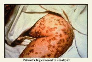 Smallpox was a relatively less contagious disease whose transmission required close contact. Fever and macular rash appeared after an average incubation period of 12 days, with a progression to typical vesicular and pustular lesions over 1 to 2 weeks.
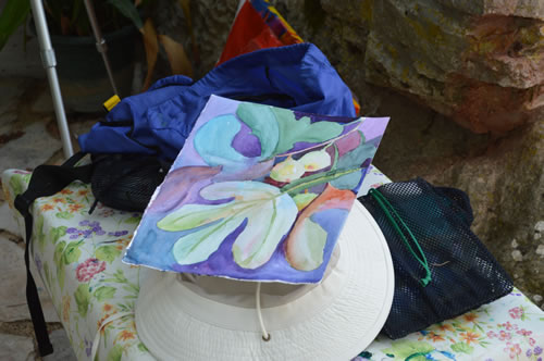 For lunch we assembled a potluck and enjoyed freshly picked grapes and figs. A glass of wine set us up for our afternoon of painting. We had so many places to choose from, so many ideas of what to paint. At one point in the afternoon, we were called over to the caper bush, where a grasshopper had been spotted emerging from its previous coat. Amazing how much bigger it becomes in moulting!
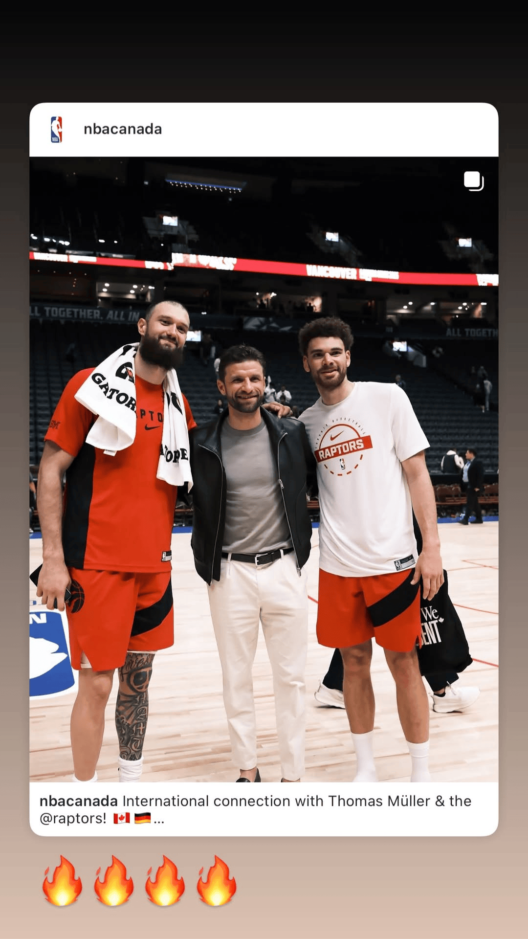 虎扑10月07日讯猛龙球员桑德罗-马穆凯拉什维利更新社交媒体,晒出和队友贾米森-巴特尔一同与足球名宿托马斯-穆勒的合影与球迷分享。

--- --- ---

_Description of the task_.
All the material above should be written out exactly, with images omitted.

_Answer section_.
 Smallpox was a relatively less contagious disease whose transmission required close contact. Fever and macular rash appeared after an average incubation period of 12 days, with a progression to typical vesicular and pustular lesions over 1 to 2 weeks.
 For lunch we assembled a potluck and enjoyed freshly picked grapes and figs. A glass of wine set us up for our afternoon of painting. We had so many places to choose from, so many ideas of what to paint. At one point in the afternoon, we were called over to the caper bush, where a grasshopper had been spotted emerging from its previous coat. Amazing how much bigger it becomes in moulting!
 虎扑10月07日讯猛龙球员桑德罗-马穆凯拉什维利更新社交媒体,晒出和队友贾米森-巴特尔一同与足球名宿托马斯-穆勒的合影与球迷分享。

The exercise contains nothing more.